Council considers mitigation bank for Cape
Cape Coral City Council gave its blessing to a $5,000 purchase agreement for Little Pine Island Mitigation Bank to offset wetland impacts on Academic Village on Monday during its regular meeting at city hall.
But only on the condition the city look for mitigation areas of its own.
That ordinance was approved 7-0, with John Carioscia absent because of a death in the family.
Councilmember Chris Chulakes-Leetz wasn’t thrilled about spending the money, even though the $5,000 was a refundable deposit that allows the city two years to decide what it will do with the long-idle property on the corner of Del Prado Boulevard and Kismet Parkway.

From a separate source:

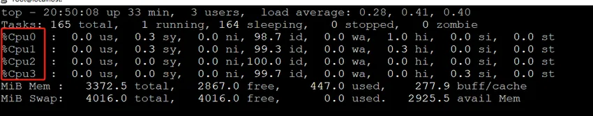 top- 20:33:01up 16 min, 3 users, loadaverage: 0.00, 0.12, 0.16
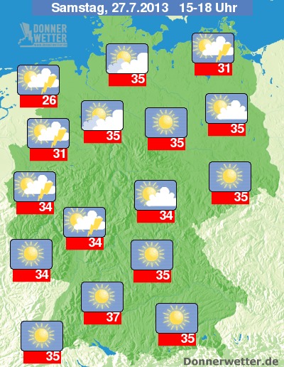 Am Sonntag wird der Höhepunkt der Hitzewelle im Osten erreicht, die höchsten Temperaturen werden dann wohl mit über 38 Grad, vielleicht auch 40 Grad in Brandenburg und Sachsen gemessen werden. Im Westen kommt etwas kühlere Luft an, so dass es starke Schauer und Gewitter gibt, die teilweise auch unwetterartig ausfallen können. Genauere Vorhersagen werden dann im Laufe des Wochenendes möglich sein.

He suggested the city to explore its own mitigation areas.
“We need to define our own mitigation. There are so many opportunities for the Cape to find its own mitigation areas,” Chulakes-Leetz said. “Let’s pay our own people instead of sending it outside the city.”
He suggested Yellow Fever Creek or some of the property the city purchased for wastewater use.
The proposal was quickly praised.
“There are several large areas of property available. I’d like to see the city manager move it forward,” Councilmember Kevin McGrail said. “The scrub jays were not appropriate. It wasn’t species specific. This I can support.”
“Has anyone ever looked into this?” Councilmember Rana Erbrick asked. “With direction, we can set aside land for mitigation.”
Erbrick also warned that land must follow certain criteria in order for mitigation to be allowed.
For the city to extend the mitigation another two years, it would cost the city $99,000. To purchase the mitigation, it would cost almost $1 million, which a private developer could foot the bill for.
Academic Village has been the proposed home for a university, an aquatic center for swimmers and, most recently, a convention and entertainment center.
Mitigation is a form of credit to allow wetlands to be built over, provided another wetland is formed in its place. It would allow a parking lot to be built in a wetland, for example, provided a better wetland is built somewhere else.
In other business, the council voted unanimously to uphold a Zoning Appeals Board decision to deny a variance to Rafael Carrion for a gazebo he built on his property in the northwest Cape.
The board also voted 6-1 to approve the issuance by the Cape Coral Health Facilities Authority of its revenue bond in a principal amount not to exceed $23 million.
Chulakes-Leetz cast the lone no vote.